* _What the exercise asks_
Exactly as they stand, copy the lines from the one containing "(A) Pin-on-plate configuration" to the final line of the data; leave out the pictures.

* _Given data_
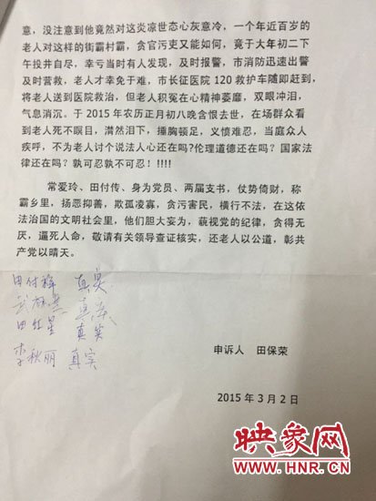 上图:多名村民联合签名,反映95岁五保老人田保兴跳井事件
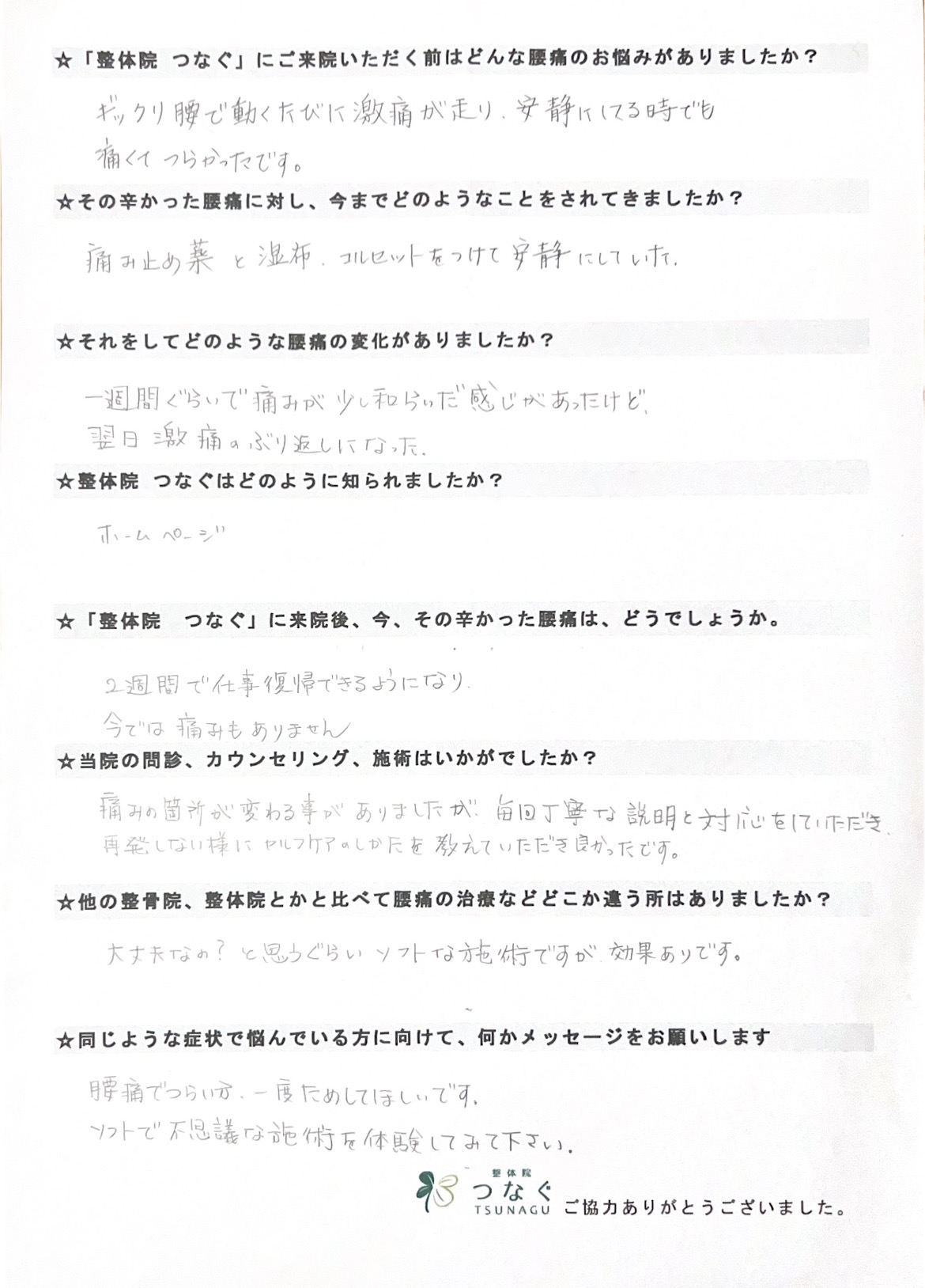 痛みの箇所が変わることがありましたが、毎回丁寧な説明と対応をしていただき、再発しないようにセルフケアを教えていただきよかったです。
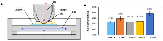 (A) Pin-on-plate configuration used in this work (B) The average friction coefficient of different silicone ball-hardness at normal force 1 N.
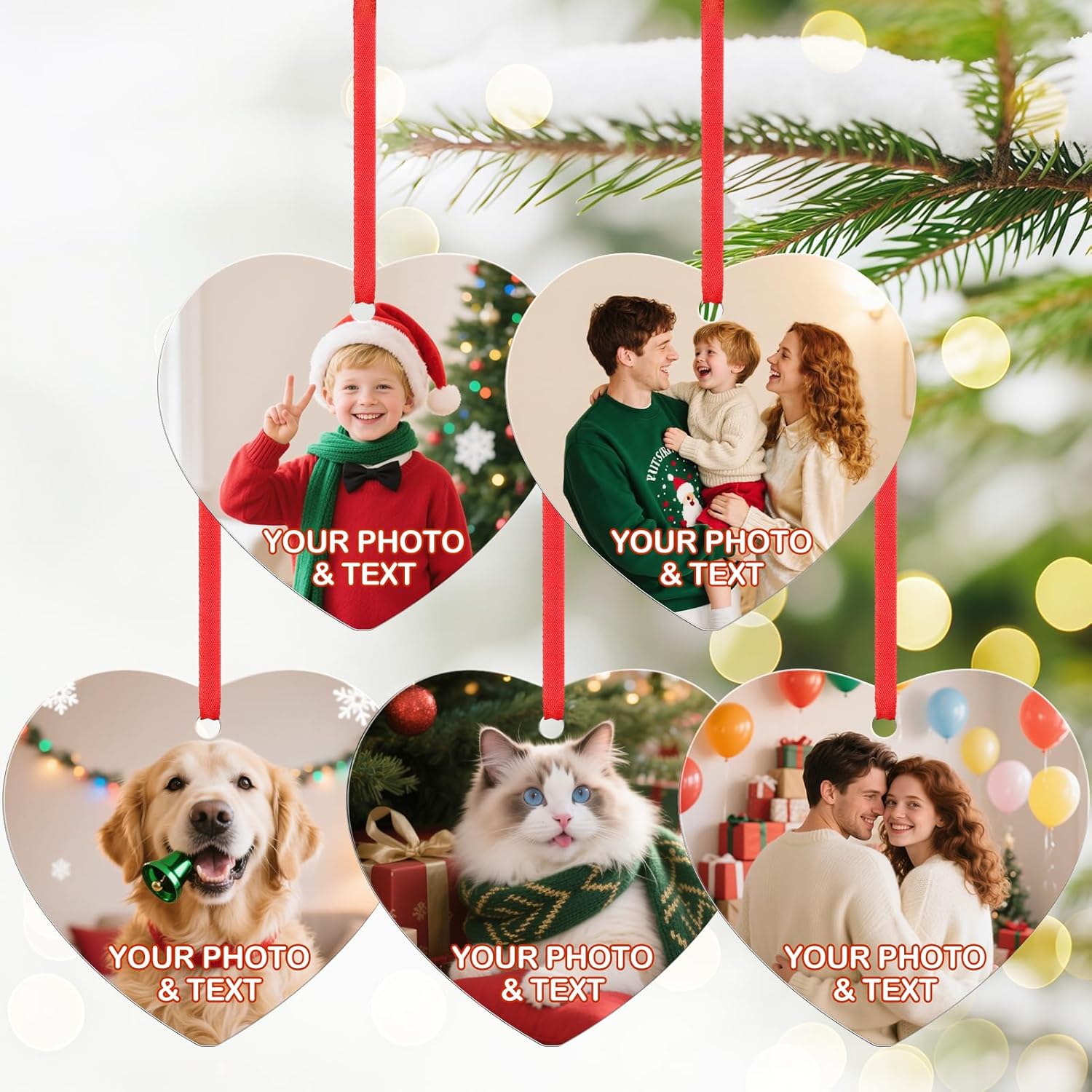 - DOUBLE SIDED PRINTING ORNAMENTS - The Christmas ornaments are made of high-quality coated aluminum, which can print different patterns on both sides for you. Its high-definition printing ensures clear and upscale appearance, preventing pictures from fading. This custom photo Christmas ornament is a lasting keepsake to remember your unforgettable holiday forever.

* _Expected answer_
 (A) Pin-on-plate configuration used in this work (B) The average friction coefficient of different silicone ball-hardness at normal force 1 N.
 - DOUBLE SIDED PRINTING ORNAMENTS - The Christmas ornaments are made of high-quality coated aluminum, which can print different patterns on both sides for you. Its high-definition printing ensures clear and upscale appearance, preventing pictures from fading. This custom photo Christmas ornament is a lasting keepsake to remember your unforgettable holiday forever.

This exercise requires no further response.